GIVEN DATA:
* * *

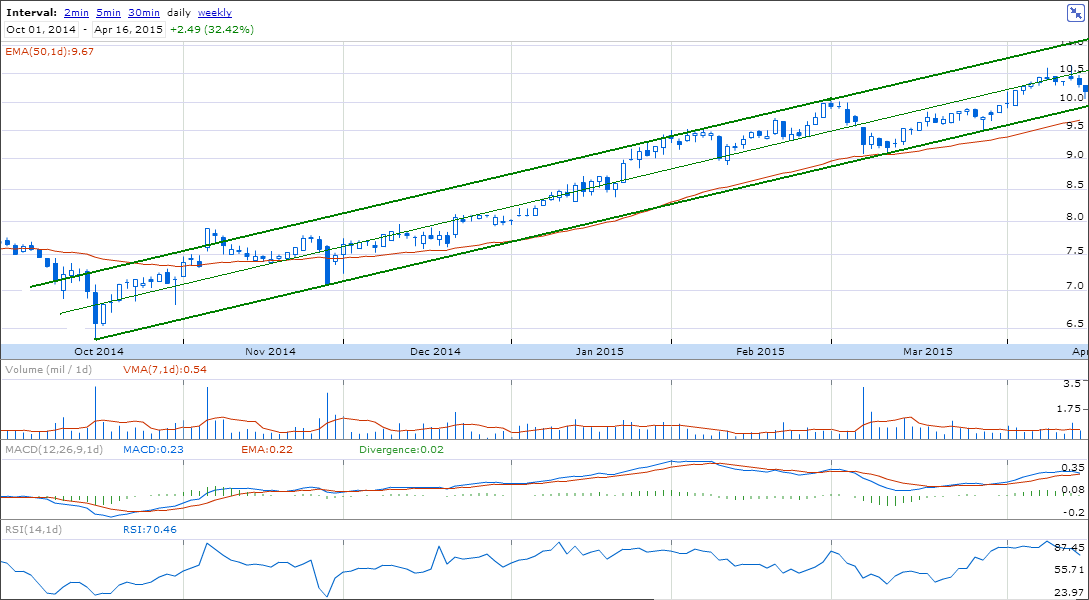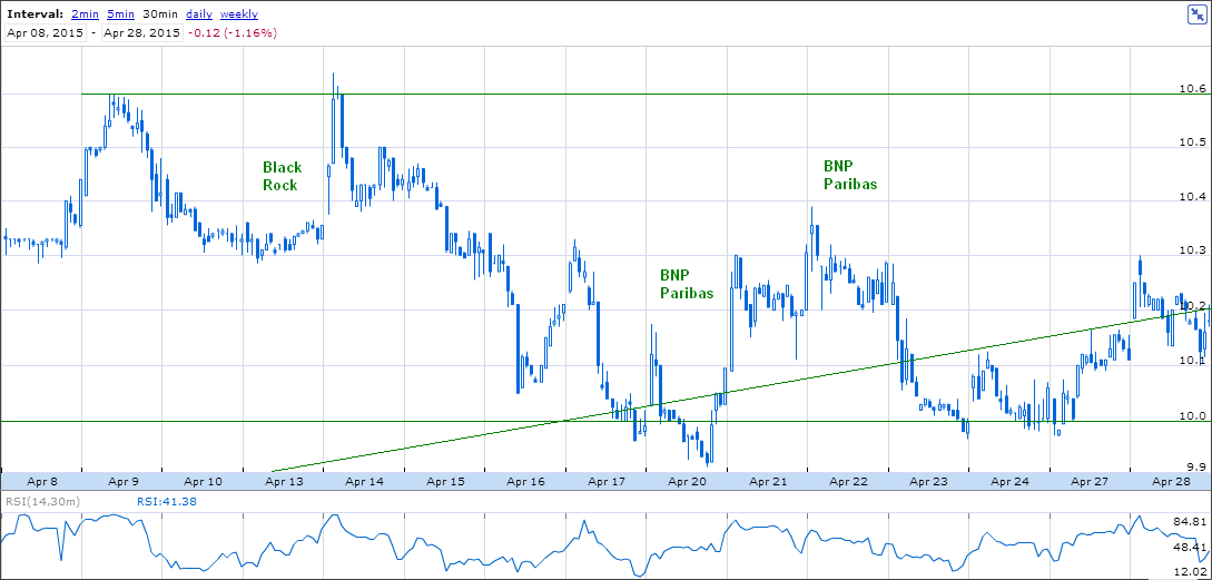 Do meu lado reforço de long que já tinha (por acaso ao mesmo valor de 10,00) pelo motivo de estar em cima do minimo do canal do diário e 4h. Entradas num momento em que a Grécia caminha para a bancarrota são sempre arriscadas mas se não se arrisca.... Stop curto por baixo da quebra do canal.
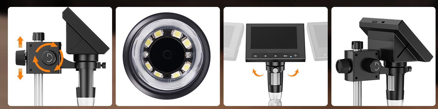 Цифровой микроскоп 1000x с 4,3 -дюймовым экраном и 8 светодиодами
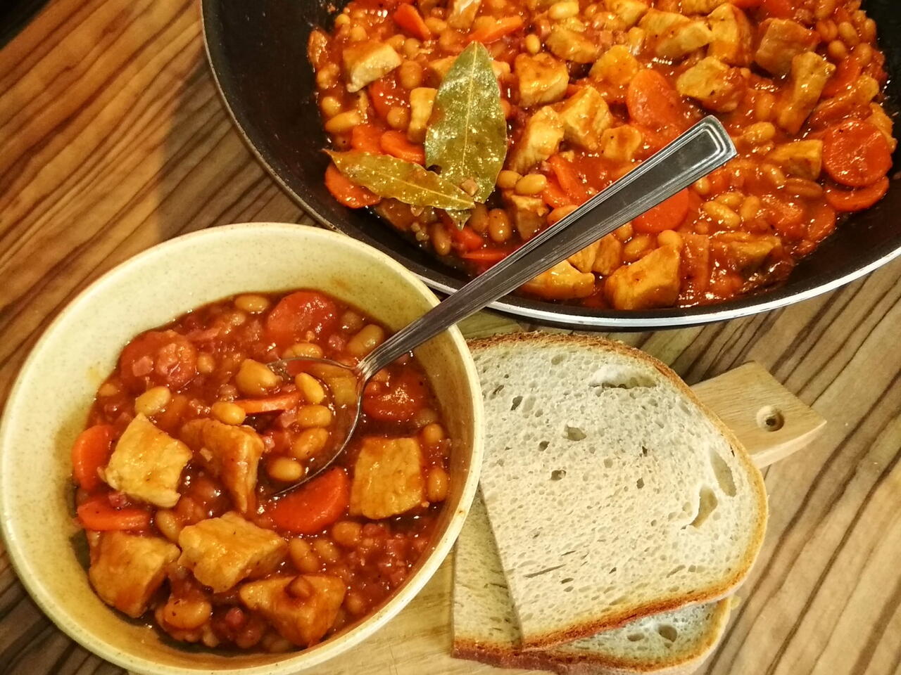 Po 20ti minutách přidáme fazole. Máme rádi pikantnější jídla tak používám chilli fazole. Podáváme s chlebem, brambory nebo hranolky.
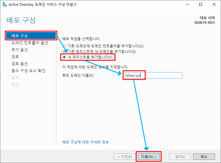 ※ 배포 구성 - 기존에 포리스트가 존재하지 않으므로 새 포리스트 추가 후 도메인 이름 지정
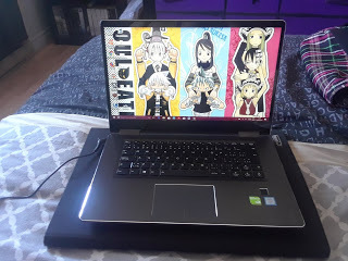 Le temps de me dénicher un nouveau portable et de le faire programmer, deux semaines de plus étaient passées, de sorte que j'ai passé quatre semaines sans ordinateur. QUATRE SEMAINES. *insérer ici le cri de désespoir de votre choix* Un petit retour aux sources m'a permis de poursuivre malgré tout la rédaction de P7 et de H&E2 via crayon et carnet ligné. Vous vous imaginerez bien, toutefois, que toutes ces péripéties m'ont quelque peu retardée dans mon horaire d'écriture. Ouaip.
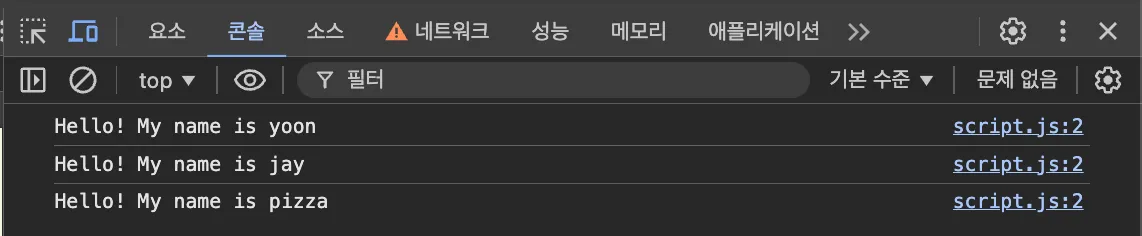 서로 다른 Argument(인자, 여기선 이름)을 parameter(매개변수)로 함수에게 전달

* * *

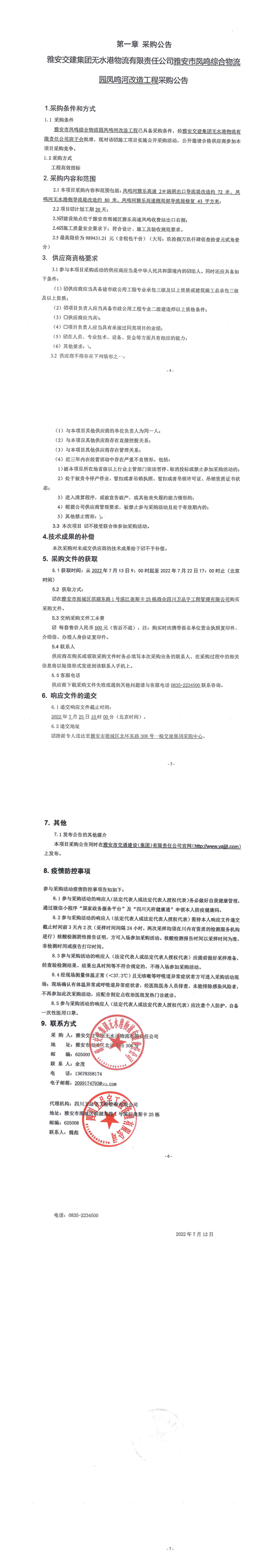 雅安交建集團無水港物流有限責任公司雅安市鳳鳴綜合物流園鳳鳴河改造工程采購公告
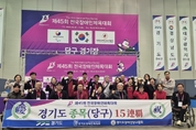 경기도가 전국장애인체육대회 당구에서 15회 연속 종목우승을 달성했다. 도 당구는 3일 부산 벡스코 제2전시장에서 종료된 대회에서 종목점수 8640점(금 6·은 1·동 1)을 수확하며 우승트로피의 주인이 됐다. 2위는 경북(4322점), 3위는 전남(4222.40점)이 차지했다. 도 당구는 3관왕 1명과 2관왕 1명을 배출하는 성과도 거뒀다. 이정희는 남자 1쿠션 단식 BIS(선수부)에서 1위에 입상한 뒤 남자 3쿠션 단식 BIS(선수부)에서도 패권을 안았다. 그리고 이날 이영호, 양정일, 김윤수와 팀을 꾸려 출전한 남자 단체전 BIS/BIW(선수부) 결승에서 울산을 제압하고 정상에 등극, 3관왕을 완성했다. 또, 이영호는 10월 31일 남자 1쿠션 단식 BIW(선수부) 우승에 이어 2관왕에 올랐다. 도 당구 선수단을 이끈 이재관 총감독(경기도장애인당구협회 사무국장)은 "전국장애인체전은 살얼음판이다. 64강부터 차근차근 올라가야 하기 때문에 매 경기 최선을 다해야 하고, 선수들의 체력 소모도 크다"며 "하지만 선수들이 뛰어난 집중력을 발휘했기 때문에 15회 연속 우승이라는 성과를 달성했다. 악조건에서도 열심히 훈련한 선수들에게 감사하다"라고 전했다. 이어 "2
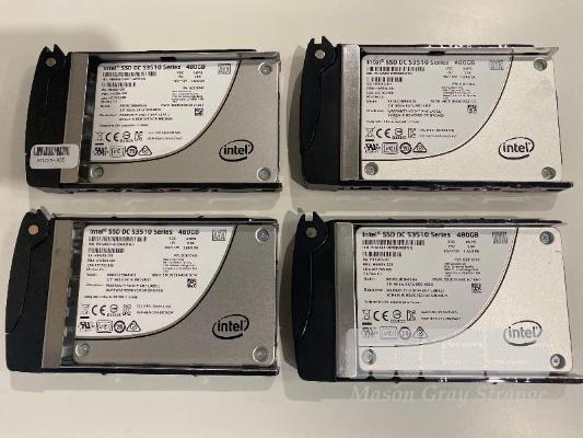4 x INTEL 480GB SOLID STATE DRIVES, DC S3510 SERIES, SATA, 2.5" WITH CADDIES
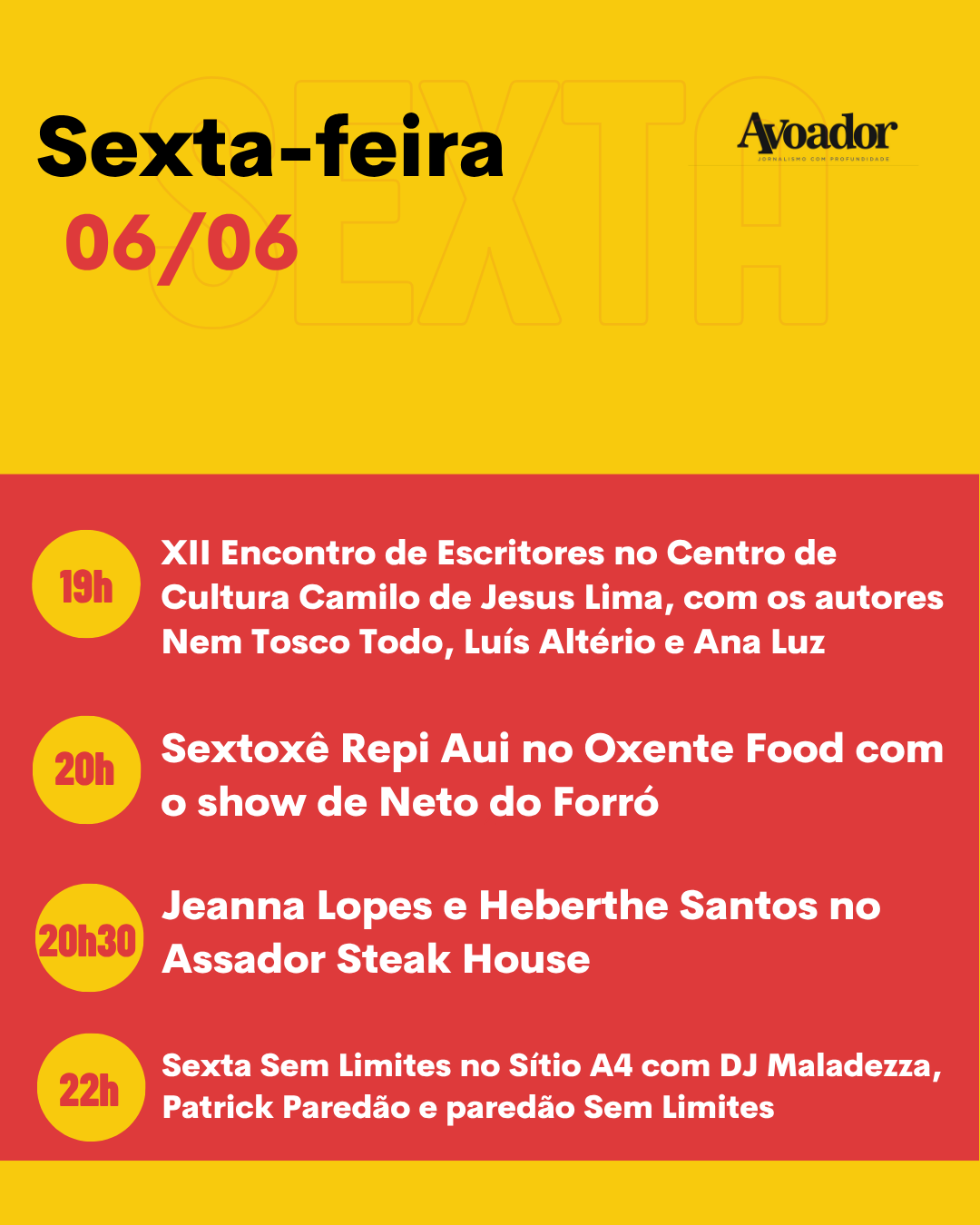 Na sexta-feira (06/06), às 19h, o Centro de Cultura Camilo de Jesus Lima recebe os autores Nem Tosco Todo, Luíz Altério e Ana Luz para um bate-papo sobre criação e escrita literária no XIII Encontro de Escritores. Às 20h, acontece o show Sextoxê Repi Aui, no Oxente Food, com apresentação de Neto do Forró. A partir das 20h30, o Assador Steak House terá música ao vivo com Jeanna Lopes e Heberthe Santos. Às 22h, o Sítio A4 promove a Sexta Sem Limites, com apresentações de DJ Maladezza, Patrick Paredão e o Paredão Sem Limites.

* * *

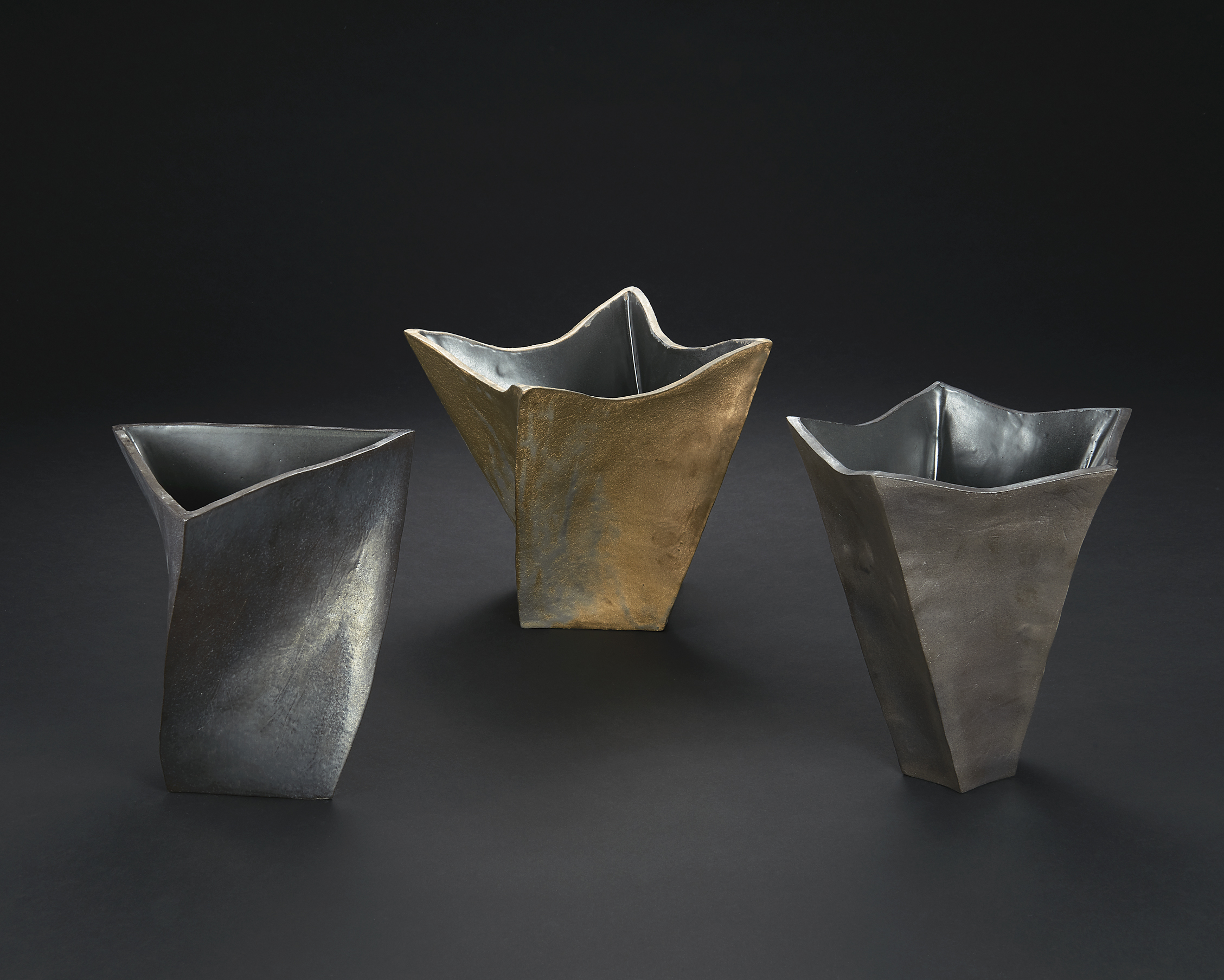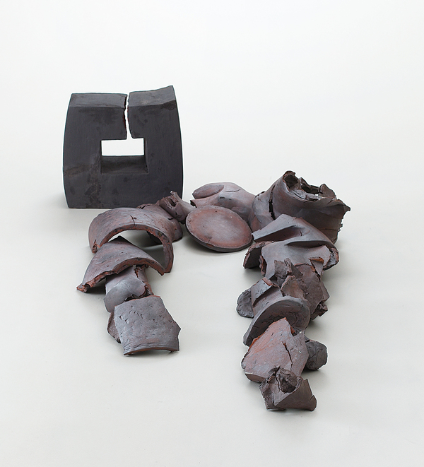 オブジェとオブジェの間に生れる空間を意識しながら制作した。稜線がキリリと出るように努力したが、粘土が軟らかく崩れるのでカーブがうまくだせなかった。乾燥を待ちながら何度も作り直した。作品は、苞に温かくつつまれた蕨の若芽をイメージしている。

* * *

WHAT THE EXERCISE ASKS: Output only the lines above from the one containing "Цифровой микроскоп 1000x" to the one containing "서로 다른 Argument(인자, 여기선", both included, exactly as written and with no pictures.

ANSWER:
 Цифровой микроскоп 1000x с 4,3 -дюймовым экраном и 8 светодиодами
 Po 20ti minutách přidáme fazole. Máme rádi pikantnější jídla tak používám chilli fazole. Podáváme s chlebem, brambory nebo hranolky.
 ※ 배포 구성 - 기존에 포리스트가 존재하지 않으므로 새 포리스트 추가 후 도메인 이름 지정
 Le temps de me dénicher un nouveau portable et de le faire programmer, deux semaines de plus étaient passées, de sorte que j'ai passé quatre semaines sans ordinateur. QUATRE SEMAINES. *insérer ici le cri de désespoir de votre choix* Un petit retour aux sources m'a permis de poursuivre malgré tout la rédaction de P7 et de H&E2 via crayon et carnet ligné. Vous vous imaginerez bien, toutefois, que toutes ces péripéties m'ont quelque peu retardée dans mon horaire d'écriture. Ouaip.
 서로 다른 Argument(인자, 여기선 이름)을 parameter(매개변수)로 함수에게 전달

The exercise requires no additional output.